Книга для внучек - [20]
Эта перемена в характере, в самой натуре — признак глубоко зашедшего алкоголизма. Я наблюдала это и в своем брате. Процесс саморазрушения захватывает дух и ум. Личность теряет свои качества, таланты, свою привлекательность. Потрясающий творческий взлет, происшедший с моим племянником Александром, и увиденный в сыне настолько же невероятный упадок всех лучших сил за то же время — меня совершенно потрясли. Поэтому, когда старые друзья говорили мне: «А ты совсем не изменилась!» — я считала, что и слава Богу! Хоть что-то должно остаться неизменным в этом круговращении.
Не застала я в живых Александра Александровича Вишневского и Люсю Каплера, Татьяну Тэсс и Фаину Раневскую. За то время, что мы были в СССР, скончались Федор Федорович Волькенштейн и Сергей Аполлинариевич Герасимов — два больших старых друга. Каким-то могильным духом веяло из Москвы, и у меня было такое чувство, что мы попали на кладбище.
Так написал Вячеслав Иванов, ни разу не пожелавший вновь посетить родину, которая представлялась ему так же неузнаваемо разрушенной, как «перепаханное кладбище». Какой жуткий образ!.. У меня неотвязно вертелись в голове эти строки, пока мы были в Москве; а неузнаваемые улицы когда-то родного города были, как перепаханное, развороченное, выпотрошенное кладбище.
Зачем мы приехали сюда. Боже, Боже. Какое идиотство, какая опрометчивость, какие новые цепи я надеваю на себя опять — разве мы сможем так жить? Бедная, бедная моя Оля. Ведь ее запихнут не сегодня-завтра в эту показную школу, где завуч так похожа на тюремщицу. Она уже звонила и спрашивала, почему Оля не приходит. А разве мы договорились, чтобы она приходила туда?! Но здесь, в Москве, дела делаются не так, как вам это сказали, а так, как решили «наверху». Ты можешь и не знать, что там решили, а узнаешь только окольным путем. Я понимала, что нас «окружили», лишили самостоятельности, теперь заставят жить в этой роскошной квартире бывшего члена политбюро, а Оля будет ходить каждый день в эту школу рядом…
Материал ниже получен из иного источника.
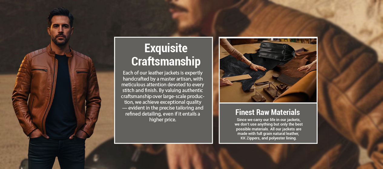We begin with the best natural full-grain and top-grain hides that offer durability, strength, and comfort. Unlike imitation or split leather, ours grows richer with age, giving every jacket a character as unique as the person wearing it.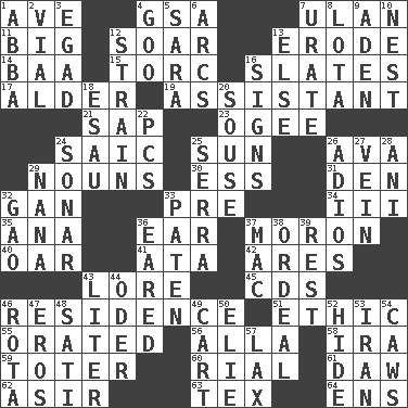 ACROSS 1. "___ Maria" 4. Girls' org. (abbr.) 7. ____ Bator, Mongolia 11. Of large size 12. Fly high 13. Eat (away) 14. Sound made by sheep 15. Torque (variant) 16. Chalkboards 17. Tree or shrub in the Birch family 19. Aide 21. Plant excrement 23. Double curve, resembling the letter S 24. Ketch in the Levant 25. Player for Phoenix 26. Actress Gardner 29. Parts of speech 30. Curvy letter 31. Lair 32. Separate the seeds from cotton 33. Before (prefix) 34. One more than two 35. Santa ___, CA 36. Hearing organ 37. Person of subnormal intelligence 40. Rowing implement 41. _ moment's notice (2 wds.) 42. Ancient Greek god of war 43. Old wives' tales, e.g. 45. Music discs 46. Home 51. Principle of right and wrong 55. Declaimed 56. Silent film actress Nazimova 58. Retirement account (abbr.) 59. Carrier 60. Monetary unit of Yemen 61. Obsolete 62. SW Saudi Arabia district 63. John Ritter's dad 64. Followers of ems DOWN 1. Swedish rock group 2. Small bottle 3. Mild oath 4. Thick or sticky substance 5. "Two Mules for Sister ____" 6. Curves 7. A salt of uric acid 8. Globular water bottle used in Asia 9. An important port of Yemen 10. Egg locale 12. Put through a sieve 13. Otherwise 16. Omens 18. Son of Isaac 20. Boozer 22. Personal Computers (abbr.) 24. Underwater navigation system 25. Spanish missionary in California 26. Goodbye (Sp.) 27. Distinctive style or manner 28. Black tropical American cuckoo 29. Grandmother 32. E Mali city 33. Eucharist need 36. Having ears or earlike features 37. Big _ 38. Severe or trying experience 39. Repose 43. 61 cubic inches 44. River in Europe 46. Round or rotation of duties 47. Greek god of love 48. Suttee (variant) 49. Haul 50. Writer Wiesel 52. Flintstone garb 53. SW Asia republic 54. Crow sounds 57. Not strict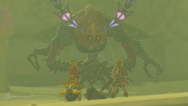 Гигантская моль - королева Гибдо - встречает вас в бою. Она обладает теми же сильными и слабыми сторонами, что и ее подчиненные Гибдо, поэтому она неуязвима, пока на ней броня Гибдо. Однако ее можно легко разрушить, если использовать силу молнии Риджу. Поэтому поговорите с Риджу, дождитесь, пока желтая рамка загородит королеву Гибдо, а затем выпустите стрелу в гигантского мотылька.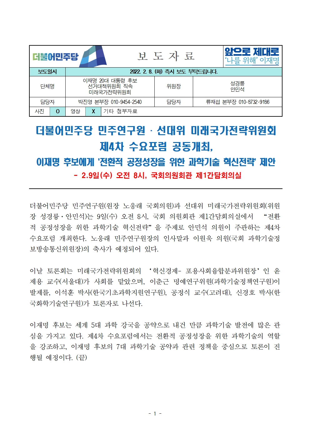 [보도자료] 더불어민주당 민주연구원 · 선대위 미래국가전략위원회, 제4차 수요포럼 공동개최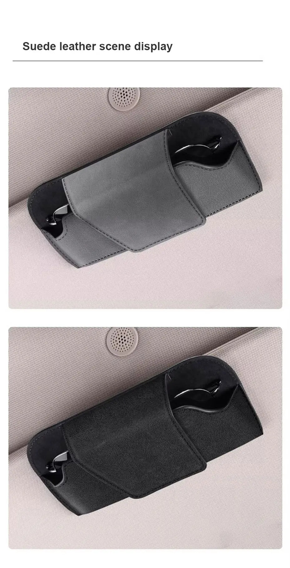 2. HIGH QUALITY - The car sunglasses storage box is made of high-quality Leather, with smooth surface, and inner velvet material is resistant to high temperature and impact to avoid scratches

Я спрашивала совета у Гриши, но он-то полагал, что все прекрасно, что дела идут просто замечательно. «Не волнуйся, береги сердце! — говорил он, глотая маленькие таблетки валидола, успокоительного для нервов. — Хочешь валидольцу?» — как будто конфетку предлагает. «Давай! Все равно уж теперь». И я тоже кладу в рот прохладный мятный валидол. Надо что-то придумать. Куда-нибудь уехать из Москвы? Сослаться, например, на то, что, мол, «в Москве нас преследуют иностранные корреспонденты», — что было святой правдой. Даже гнались за нами в машине по Садовой, с телекамерой. Но куда? В Ленинграде — то же самое. Ленинград был горячо любимым городом мамы, и я любила когда-то уезжать туда и бродить по городу… Но там будет все то же самое.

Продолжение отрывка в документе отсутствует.